Dejó el hotel Panamericano y, a paso bamboleante, salió a Carlos Pellegrini. Eran casi las 16 del miércoles, acababan de interrumpirle una pequeña siesta y no sabía dónde estaba. El viaje tan largo, el jet lag, la multitud de peatones atropellados, los bocinazos, y los letreros de las líneas B, C y D, quizá, lo llevaron a suponer que seguía en Nueva York. «Street Blues», como su tema: al fin y al cabo, todas las ciudades del mundo son la misma ciudad. Avanzó en dirección a la boca del subte y se perdió allí.

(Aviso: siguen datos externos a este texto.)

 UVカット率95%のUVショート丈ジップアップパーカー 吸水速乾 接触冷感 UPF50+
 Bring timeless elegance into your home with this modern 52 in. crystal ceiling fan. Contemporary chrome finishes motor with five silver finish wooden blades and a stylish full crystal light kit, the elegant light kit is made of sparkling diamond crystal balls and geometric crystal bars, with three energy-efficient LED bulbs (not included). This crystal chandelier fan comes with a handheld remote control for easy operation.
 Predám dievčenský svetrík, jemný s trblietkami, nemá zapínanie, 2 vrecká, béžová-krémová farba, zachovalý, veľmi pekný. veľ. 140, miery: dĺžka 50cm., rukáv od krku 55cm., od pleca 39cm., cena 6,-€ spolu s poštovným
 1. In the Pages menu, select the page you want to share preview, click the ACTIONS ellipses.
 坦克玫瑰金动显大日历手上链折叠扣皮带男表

Media hora más tarde, cuando los integrantes de su producción ya lo esperaban en el lobby, tal como habían convenido, vieron que no bajaba. Primer signo de inquietud. Dejaron pasar diez minutos y, entonces, llamaron en vano a su habitación. Tampoco el manager tenía la menor idea sobre dónde podía estar Ornette Coleman, figura capital de la escena musical norteamericana del último medio siglo y revolucionario del free jazz.

Con la tarjeta magnética de seguridad, y a instancias de los ya desesperados acompañantes, entre ellos su hijo Denardo, también músico, el hotel autorizó que entraran en su suite: sobre la cama, doblada con prolijidad, reposaba la ropa que debía vestir a las 19 en la ceremonia donde Mauricio Macri le concedería, en el Palacio Municipal, el título de Huésped Ilustre de Buenos Aires. A un lado estaban el pasaporte, las tarjetas de crédito y el dinero. Se había ido sin nada.

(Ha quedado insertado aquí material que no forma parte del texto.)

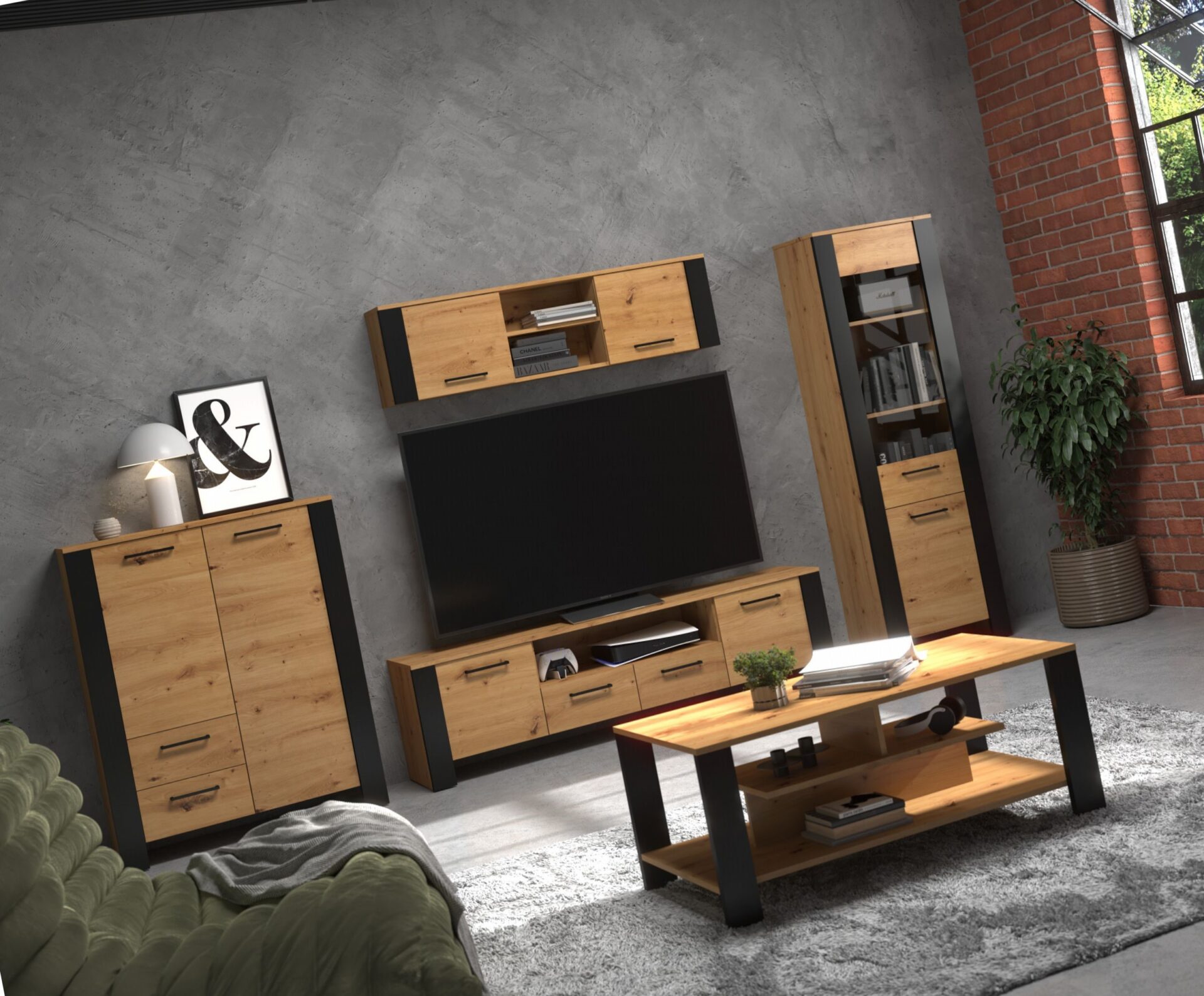DELIS komplektas 2. 16 mm ir 25 mm plokštė, ABS kraštas, švelnaus uždarymo, PILNAI ATIDARYTOS bėgelės. Komplektą sudaro: DELIS 08 baldai, lentyna 97/118/43 – 53 kg – 2 vnt., DELIS 11 baldai, televizoriaus spintelė 175/49/43 – 42 kg – 1 vnt., DELIS 15 baldai, vitrina 58/186/43 – 46,5 kg – 3 vnt., DELIS 13 baldai, lentyna 140/39/27 – 19 kg – 1 vnt., DELIS 06 baldai, kavos staliukas 110/46/60 – 22 kg – 1 vnt. Spalva: dirbtinio ąžuolo / juoda.

Denardo trató de aquietar un tanto la angustia de los demás y explicó que su padre, de 79 años, tenía la costumbre de salir a caminar sin rumbo fijo y que a veces se desorientaba. «Pero a lo sumo», agregó, «tarda dos horas, nunca mucho más». Los músicos se lanzaron a patrullar Lavalle para tratar de dar con él, sin resultados.

Media hora antes de las 19, se comunicaron con la secretaría privada de la Jefatura de Gobierno para que se le advirtiera al alcalde que el acto, desafortunadamente, corría peligro, porque el homenajeado se había extraviado en la Ciudad. Denardo, temiendo además un desaire diplomático, se ofreció a concurrir para recibir los honores en nombre de su padre, aunque la reacción del Gobierno fue, en este caso, sensata: ¿quién tendría el ánimo suficiente como para condecorar, en ausencia, a un artista célebre con paradero desconocido en Buenos Aires? Ya habría tiempo para convertirlo en Huésped Ilustre: urgía primero saber dónde estaba siendo huésped.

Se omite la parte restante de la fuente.